The term "proof" is generally, but not consistently, applied only to prints from the late eighteenth-century onwards, beginning with the English mezzotinters, who began the practice of issuing small editions of proofs for collectors, often before the "lettering" or inscription below the image was added. The practices of signing or numbering impressions in the main edition had not begun, and in the absence of this, it is normally only when the image is clearly different from the final form that the term proof has any meaning.

In old master prints, a proof will be described as belonging to a different state of the print. States are numbered I, II, III etc., in the sequence they were produced, which can normally be determined.

For example, Rembrandt, who had his own printing-press and printed at least the earliest copies of his etchings himself, was a great taker of proofs, but these are normally described as different states - his record was nine for one etching, although this involved returning to an older print he had sold many copies of, and largely reworking it.

But the term proof can be used in the case of a clear working proof of an old master print, like the two impressions of Albrecht Dürer's Adam and Eve (1504, British Museum and Albertina, Vienna) which show the figures largely finished but the background with only the main outlines lightly done.

== Status ==

Art historians, curators, and collectors view working proofs as especially desirable because of their rarity, the insight they may give into the progress of the work, and because they may well have belonged to the artist.

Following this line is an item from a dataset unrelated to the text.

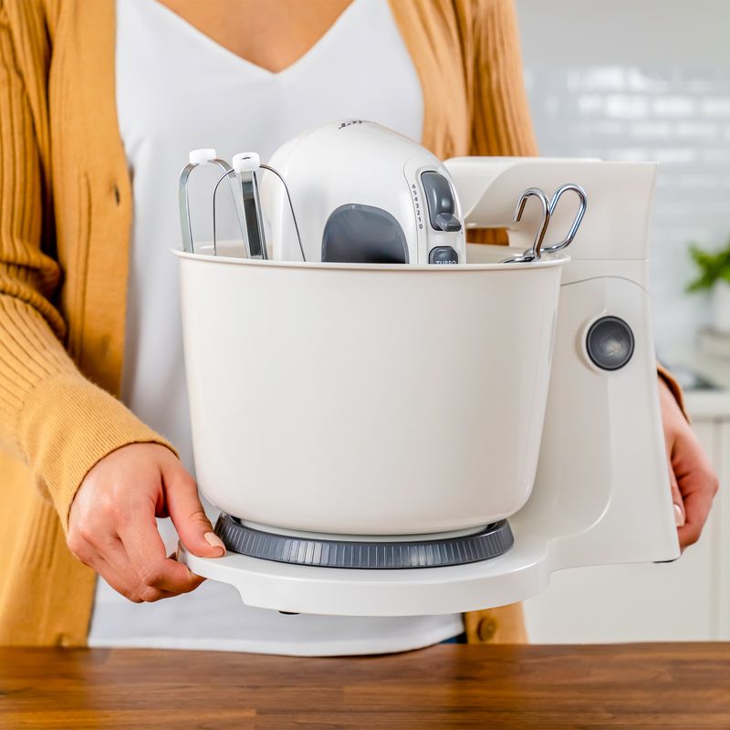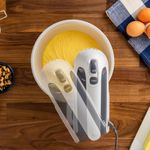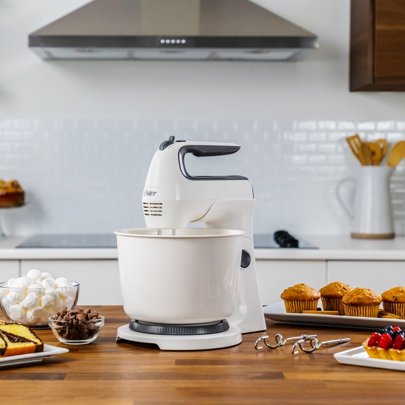 Batidora Oster 2 en 1 (mano y pedestal) con 6 velocidades y potencia de 250W, ideal para batir, mezclar y preparar masas, cremas y postres con facilidad.

Especially in the case of dead artists, they can be the only evidence of the artist's incremental development of an image, something not usually available with drawings, paintings, or sculpture. Some lithographs may be hand signed in the border and labeled "Epreuve D'Artiste", which means Artist's Proof, which also increases its value.

Collectors also usually prefer final artist's proofs even when they are identical to the main edition; if nothing else the print may have been presented to a friend by the artist. Prints are generally sold as limited editions, with a print being cheaper than a drawing or painting because the artist/gallery makes more money by selling multiples. An artist's proof has special value because of its extra rarity and its possible differences from the "standard" print, factors that are often reflected in its price.

== Printshop technicians ==

Since many printmaking processes require expensive equipment, most artists choose to work with specialist printers. The print shop provides technicians skilled in the process; the artist provides the art. It is customary in these cases to pay the technicians with a signed artist's proof, in addition to his wages. The print shop will also retain a proof, normally signed off as "bon à tirer" ("good for printing" in French) to use as a control example against which the other impressions are compared. This has resulted in some very impressive collections of prints owned by printmakers themselves.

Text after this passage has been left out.